Material for this exercise:
══════

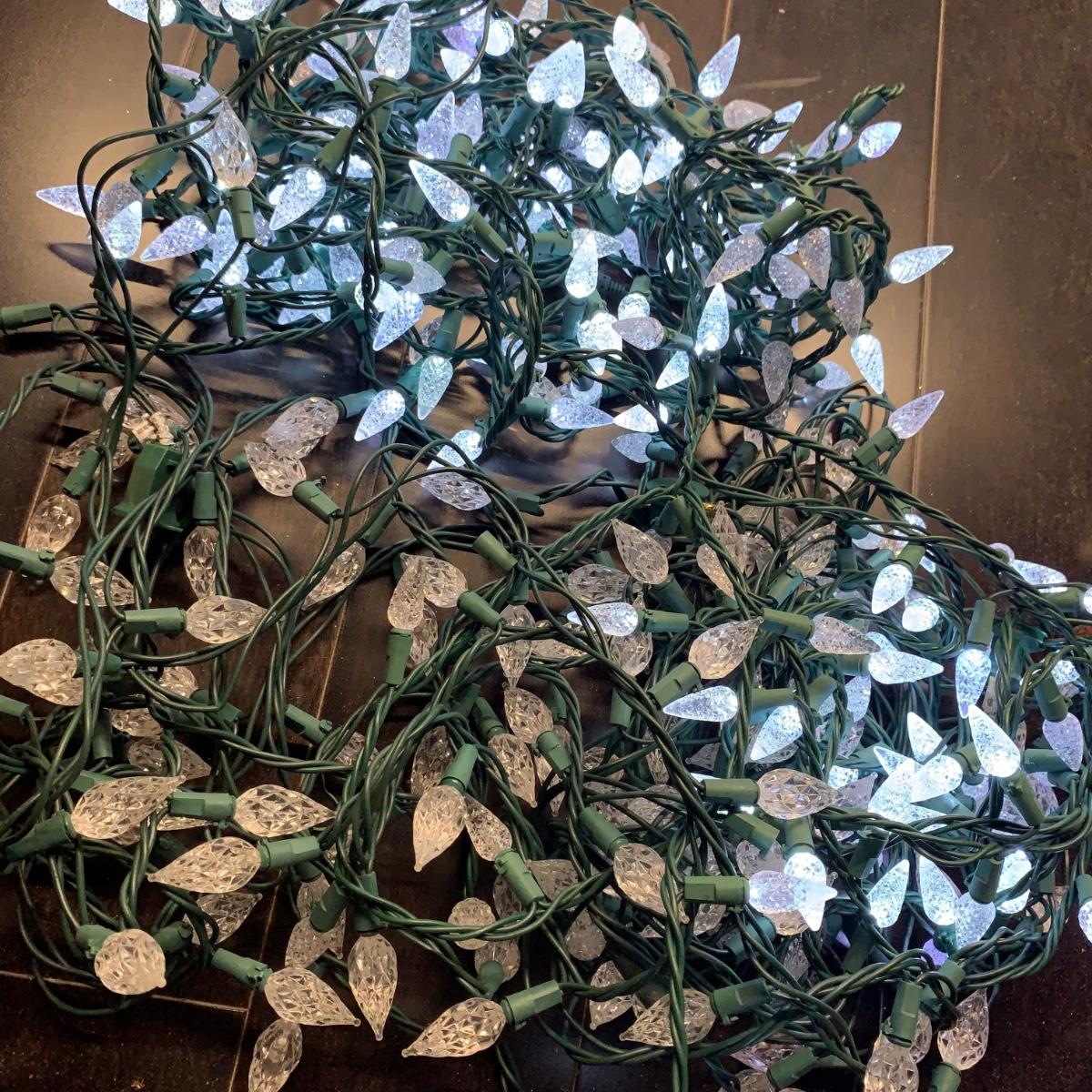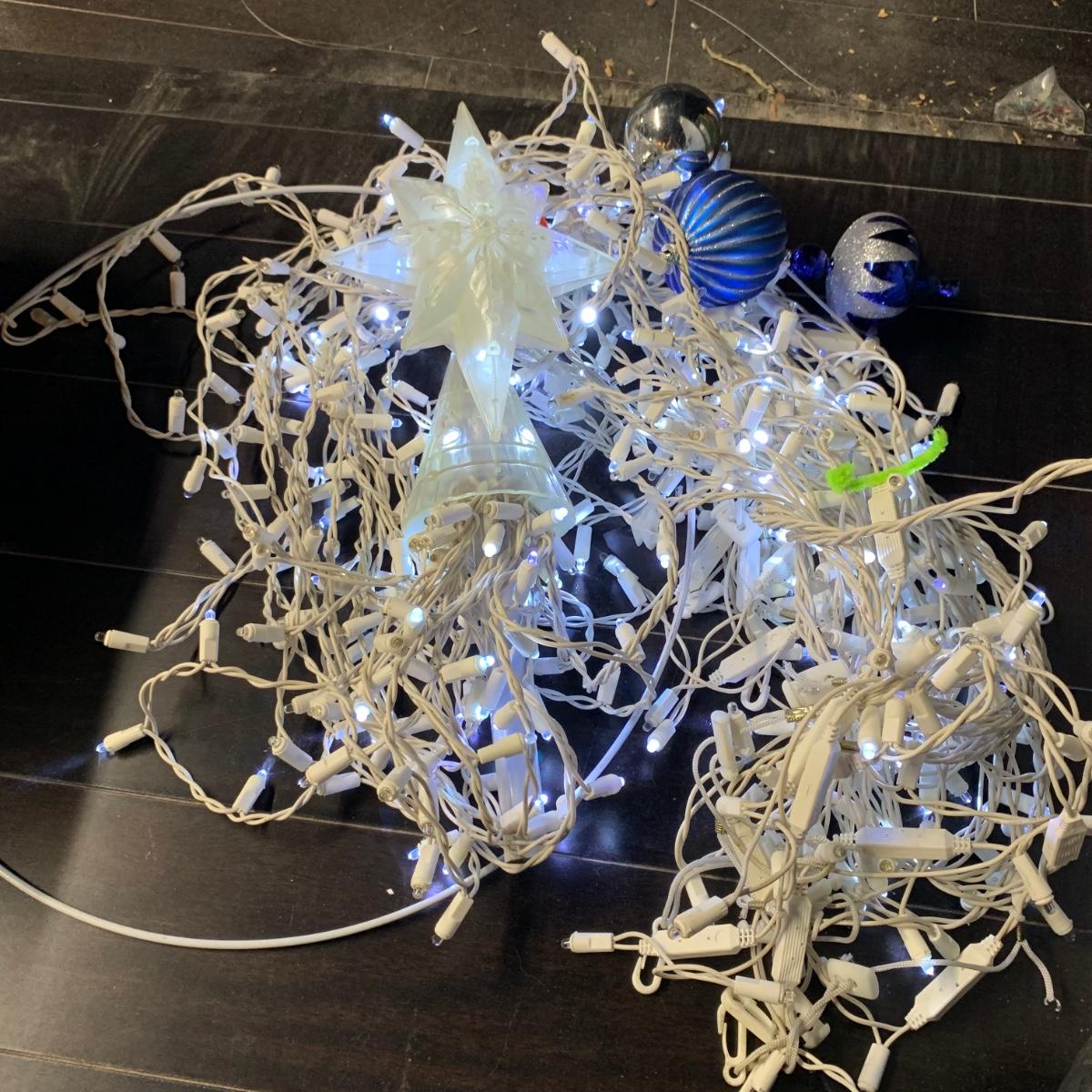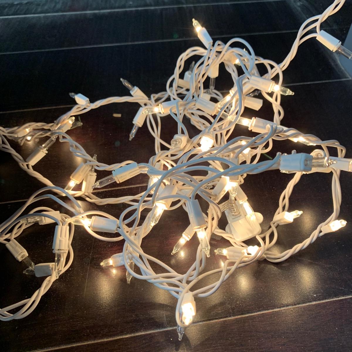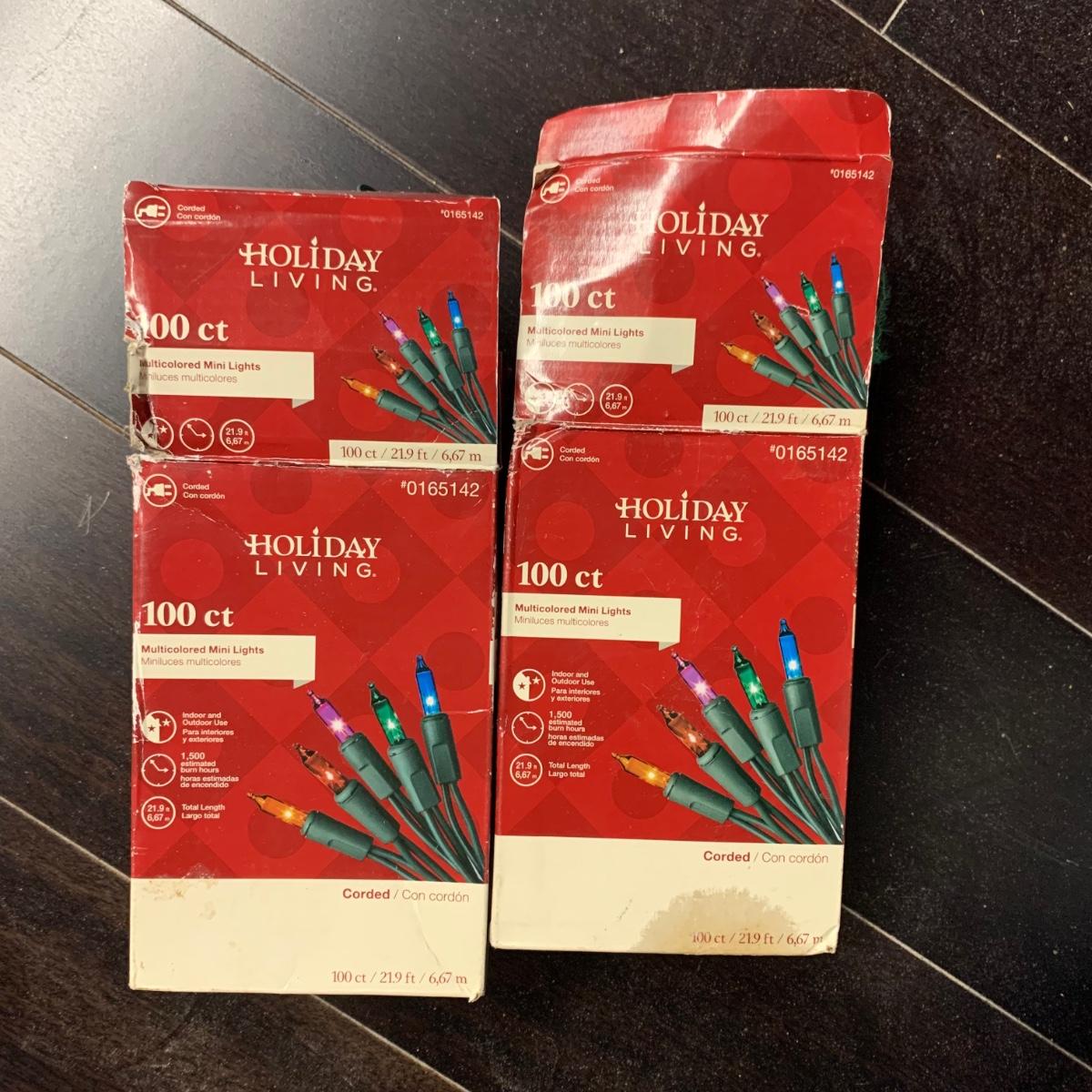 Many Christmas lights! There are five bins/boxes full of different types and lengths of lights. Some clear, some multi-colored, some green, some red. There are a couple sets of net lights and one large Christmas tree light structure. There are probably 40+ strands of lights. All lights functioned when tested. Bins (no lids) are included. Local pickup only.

══════

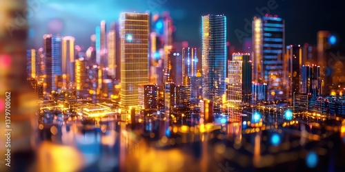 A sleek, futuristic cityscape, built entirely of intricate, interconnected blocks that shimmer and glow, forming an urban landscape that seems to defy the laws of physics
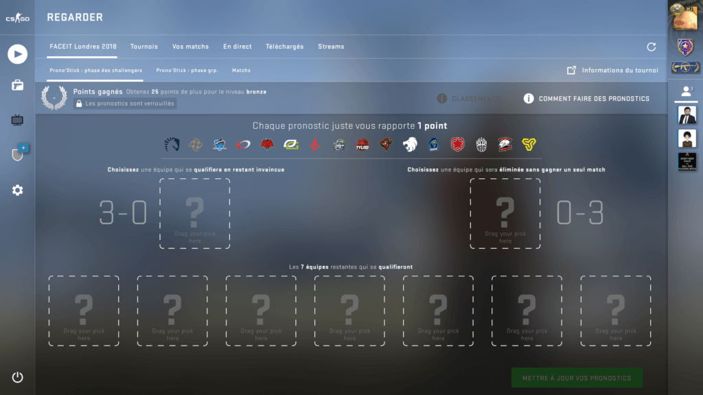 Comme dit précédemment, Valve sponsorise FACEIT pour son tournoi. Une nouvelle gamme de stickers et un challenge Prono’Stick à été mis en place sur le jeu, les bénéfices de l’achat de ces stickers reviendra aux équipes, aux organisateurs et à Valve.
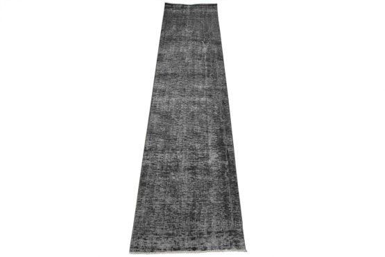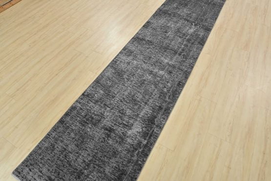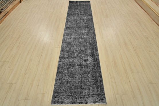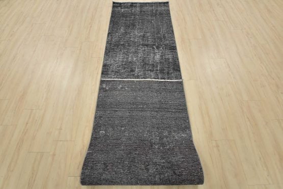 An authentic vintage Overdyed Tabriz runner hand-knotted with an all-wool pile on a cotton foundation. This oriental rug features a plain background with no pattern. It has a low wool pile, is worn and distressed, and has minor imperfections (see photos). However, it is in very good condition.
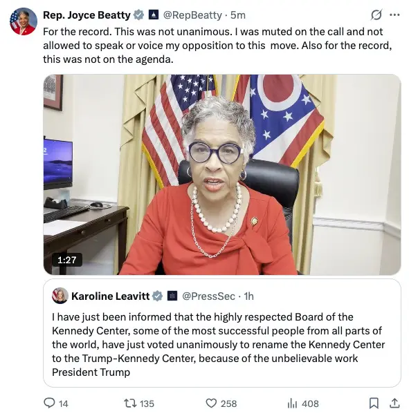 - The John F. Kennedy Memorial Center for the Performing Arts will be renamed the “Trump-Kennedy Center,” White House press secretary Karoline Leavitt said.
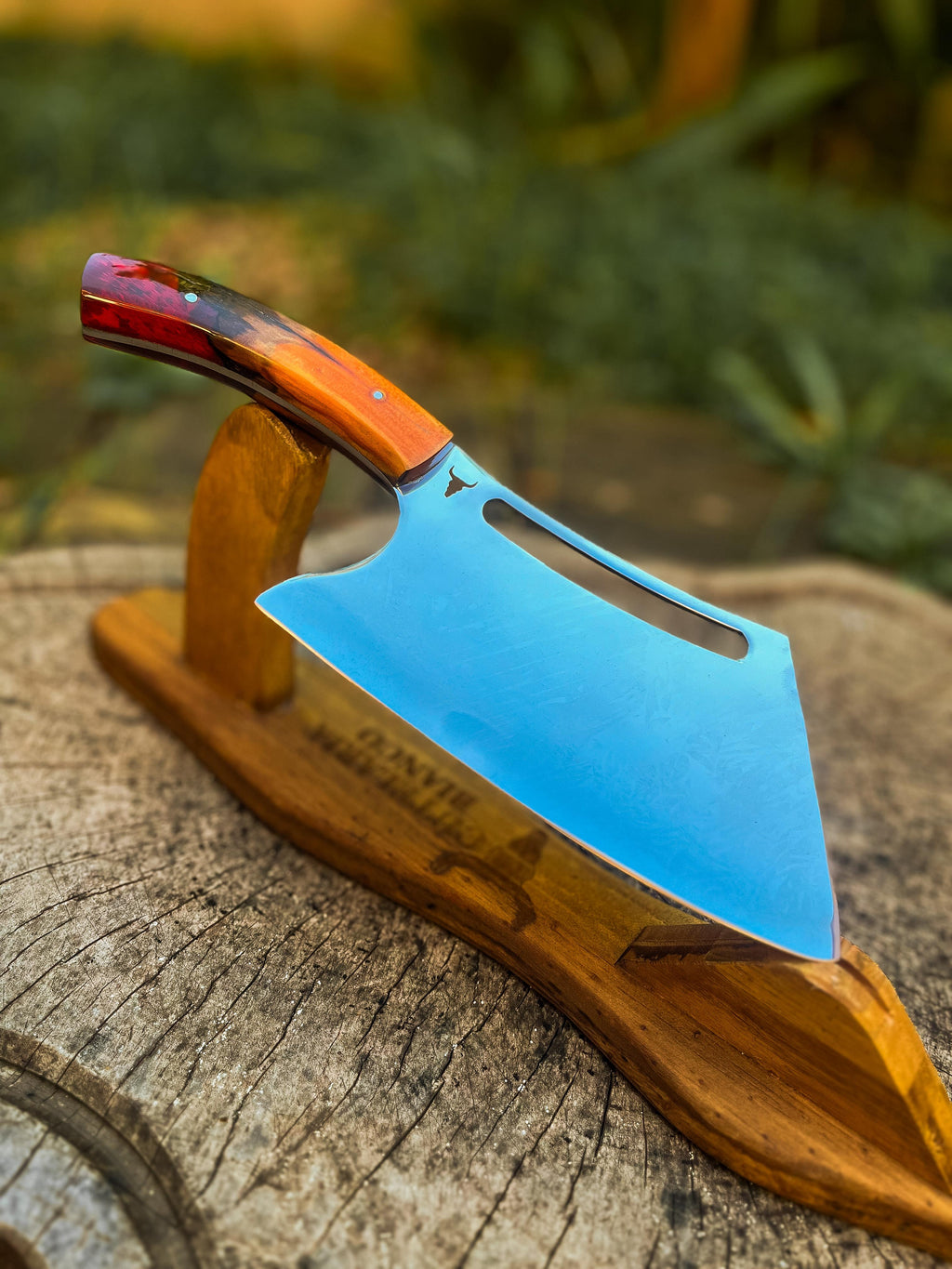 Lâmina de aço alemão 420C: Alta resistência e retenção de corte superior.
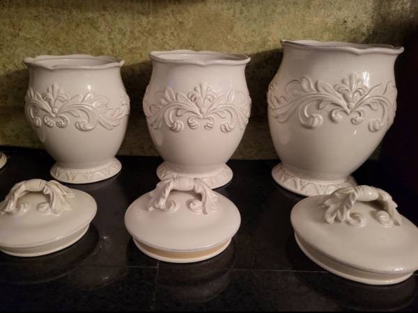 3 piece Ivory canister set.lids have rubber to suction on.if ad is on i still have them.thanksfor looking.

══════

Exercise requirements: Quote the data above exactly from the line with "Lâmina de aço" to the line with "3 piece Ivory", both ends counted, and nothing else. Pictures don't go in.

Solution:
 Lâmina de aço alemão 420C: Alta resistência e retenção de corte superior.
 3 piece Ivory canister set.lids have rubber to suction on.if ad is on i still have them.thanksfor looking.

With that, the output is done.